Using the interface like
randi(6,1,10)
will apply some kind of transformation on the raw result of the random generator. This transformation is not trivial in general and Matlab will almost certainly do a different selection step than Boost.
Try comparing raw data streams from the RNGs - chances are they are the same
In case this helps anyone interested in the question:
In order to the get the same behavior for the Twister algorithm:
Download the file
http://www.math.sci.hiroshima-u.ac.jp/~m-mat/MT/MT2002/CODES/mt19937ar.c
Try the following:
#include <stdint.h>
// mt19937ar.c content..
int main(void)
{
int i;
uint32_t seed = 100;
init_genrand(seed);
for (i = 0; i < 100; ++i)
printf("%.20f\n",genrand_res53());
return 0;
}
Make sure the same values are generated within matlab:
RandStream.setGlobalStream( RandStream.create('mt19937ar','seed',100) );
rand(100,1)
randi() seems to be simply ceil( rand()*maxval )

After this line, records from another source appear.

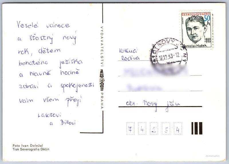 Jazyk tištěného textu na pohlednici:
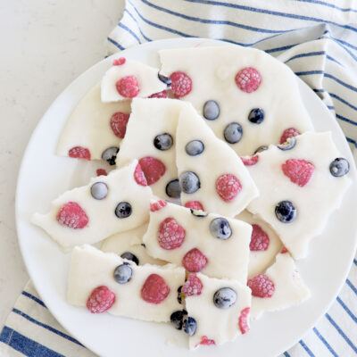 Hi Friends! I love this red, white and blue yogurt bark for a simple and cool breakfast on hot a summer day or afternoon snack! This dairy-free breakfast recipe is easy to make and also nutritious! Packed with protein, vitamins, minerals, fiber and antioxidants you’ll want to make this recipe again and again this summer!
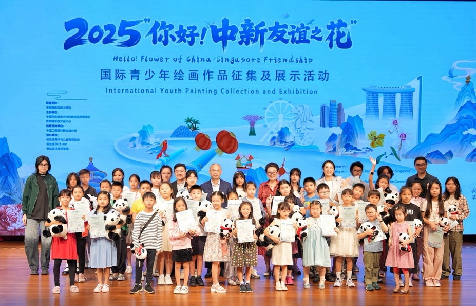 2025年12月27日,由中国驻新加坡大使馆荣誉支持,新加坡中国文化中心与中国宋庆龄青少年科技文化交流中心共同主办,中国工商银行新加坡分行独家支持,新加坡青年与儿童教育协会、新加坡Tree Art和新加坡汪老师学园协办的2025“你好!中新友谊之花”国际青少年绘画作品征集及展示活动颁奖典礼暨优秀作品开幕式在新加坡中国文化中心举行。中国驻新加坡大使曹忠明和夫人杨青、新加坡中国文化中心兼旅游办事处主任孔媛、中国工商银行新加坡分行行长杨雨、汪老师学园CEO汪昕辰、Tree Art代表老师罗娇桧,与 45 名新加坡赛区获奖青少年及家长代表等百余人共同出席活动。
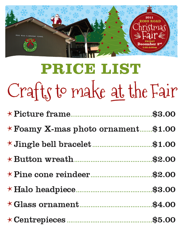 Price List: Crafts to make at the Fair
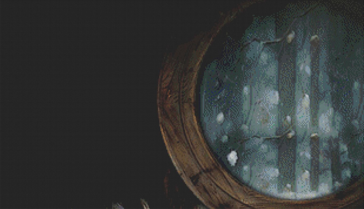 "Squirrel by Window" full coverage counted cross stitch pattern.
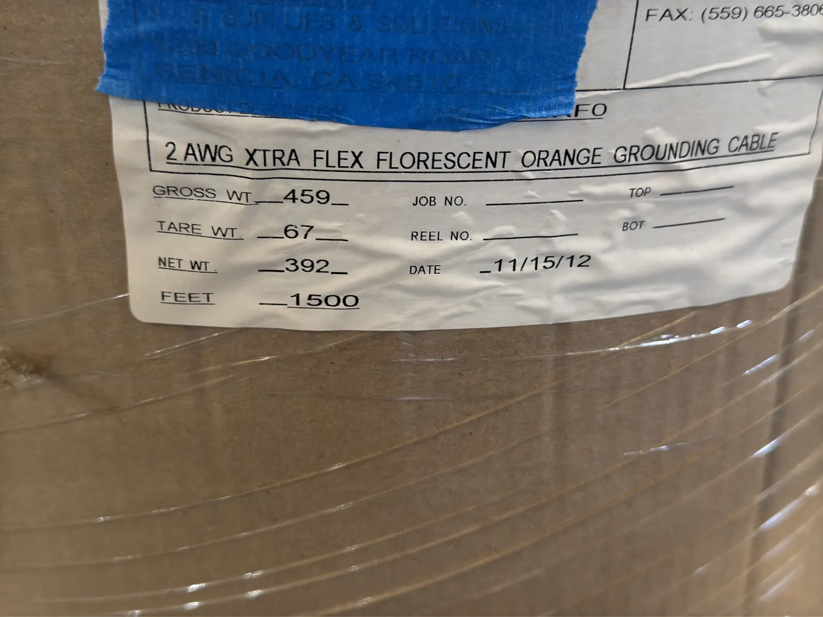 1500’ Spool Of 2AW Xtra Flex Florescent Orange Grounding Cable | West Auctions
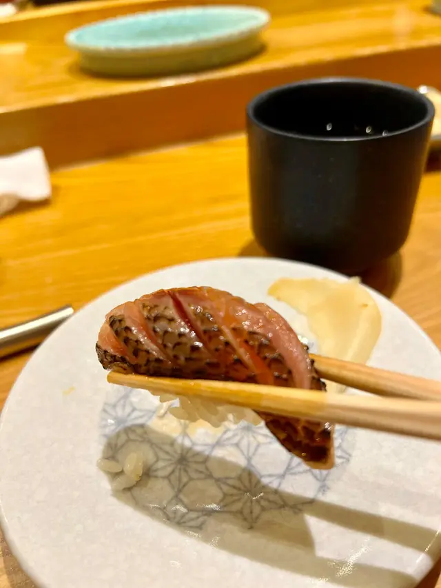 位于尖沙咀中间道H Zentre UG楼的鮨燐而家做紧周年祭季节限定十四贯寿司七折优惠非常抵食先付松叶蟹肉搭配绢豆腐口感滑溜鲜味;金时蕃薯甘露煮口感绵蜜香甜;柠檬醋水母酸甜爽脆十四贯寿司鲷鱼寿司肉质柔韧入口清淡带鲜甜味北海道帆立贝寿司肉质鲜嫩弹牙加上青柠汁可提升鲜甜味鹿儿岛产深海池鱼寿司肉质紧实肥美车海老寿司表面用热水轻焯至转色但仍保持内里肉质鲜嫩紧实同爽脆加上柚子皮碎入口鲜甜弹牙带柚子香气北海道𫚕鱼寿司油脂丰腴肉质紧致软嫩搭配微辣的三升渍面豉酱可减低油腻感北海道产活北寄贝寿司贝肉呈淡紫色轻拍令肉质收紧入口爽脆加上青柠汁更能带出鲜甜味静冈县金目鲷寿司肉质细致胶质丰富用火轻炙入口脂香四溢季节限定的秋刀鱼寿司选用每条大约180g的重量油脂比较丰厚肉质软滑鲜甜配姜葱蓉可辟除腥味北海道喷火湾赤贝寿司贝肉呈鲜红色肉质肥厚爽脆加上柚子皮碎入口带点柚子香气熊本县梭子鱼寿司鱼皮油脂丰富用火轻炙将鱼油渗入鱼肉中肉质鲜美再加上磨香的芝麻入口清香带好香的芝麻味大拖罗寿司油花细致肉质软嫩入口即化,带有丰富的油脂香气及鲜甜味的余韵火炙BB银鳕鱼寿司肉质非常细腻口感滑润入口即化配柚子胡椒酱辣辣地可减低油脂感神奈村黑鯥鱼寿司肉质肥美油脂丰富用火轻炙带出油香气江户前酱油渍赤身寿司结合了鱼肉本身的鲜甜味及酱油的咸鲜风味配搭大葱碎口感细腻鲜甜追加咗我至爱的北海道马粪海胆寿司瓣块呈橙黄色质感软滑味道浓厚甘甜味噌汤配搭昆布豆腐入口浓郁咸鲜甜品自家制绿茶奶冻配蜜渍黑豆,奶冻滑溜绿茶酱回甘配埋蜜渍黑豆甘中带甜…查看更多
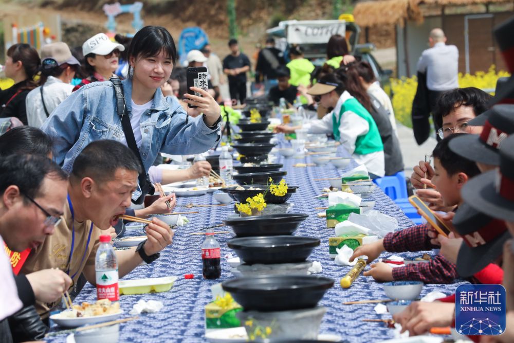 4月1日,游客在油菜花地里品尝乡间长桌宴。新华社记者 徐昱 摄
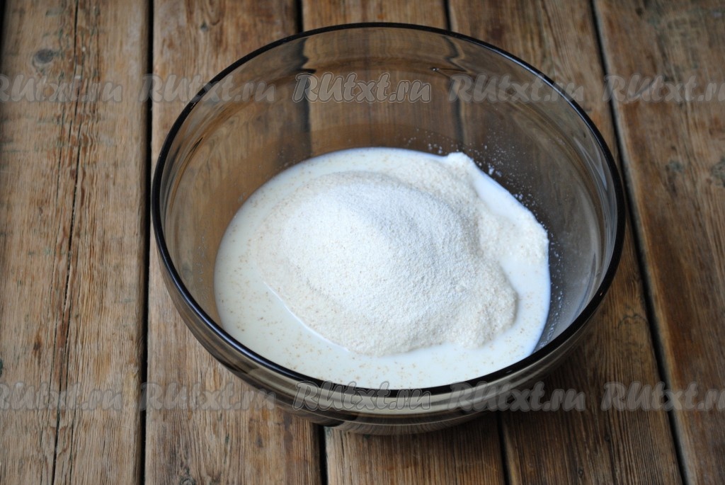 Перемешать смесь молока и манки, оставить на 1 час при комнатной температуре (манная крупа должна набухнуть).

Thanks to Fezvez's answer I've written xor128 in matlab:
function [ w, state ] = xor128( state )
%XOR128 implementation of Xorshift
% https://en.wikipedia.org/wiki/Xorshift
% A starting state might be [123456789, 362436069, 521288629, 88675123]
x = state(1);
y = state(2);
z = state(3);
w = state(4);
% t1 = (x << 11)
t1 = bitand(bitshift(x,11),hex2dec('ffffffff'));
% t = x ^ (x << 11)
t = bitxor(x,t1);
x = y;
y = z;
z = w;
% t2 = (t ^ (t >> 8))
t2 = bitxor(t, bitshift(t,-8));
% t3 = w ^ (w >> 19)
t3 = bitxor(w, bitshift(w,-19));
% w = w ^ (w >> 19) ^ (t ^ (t >> 8))
w = bitxor(t3, t2);
state = [x y z w];
end
You need to pass state in to xor128 every time you use it. I've written a "tester" function which simply returns a vector with random numbers. I tested 1000 numbers output by this function against values output by cpp with gcc and it is perfect.
function [ v ] = txor( iterations )
%TXOR test xor128, returns vector v of length iterations with random number
% output from xor128
% output
v = zeros(iterations,1);
state = [123456789, 362436069, 521288629, 88675123];
i = 1;
while i <= iterations
disp(i);
[t,state] = xor128(state);
v(i) = t;
i = i + 1;
end
I would be very careful assuming that two different implementations of pseudo random generators (even though based on the same algorithms) produce the same result. There could be that one of the implementations use some sort of tweak, hence producing different results. If you need two equal "random" distributions I suggest you either precalculate a sequence, store and access from both C++ and Matlab or create your own generator. It should be fairly easy to implement MT19937 if you use the pseudocode on Wikipedia.
Take care ensuring that both your Matlab and C++ code runs on the same architecture (that is, both runs on either 32 or 64-bit) - using a 64 bit integer in one implementation and a 32 bit integer in the other will lead to different results.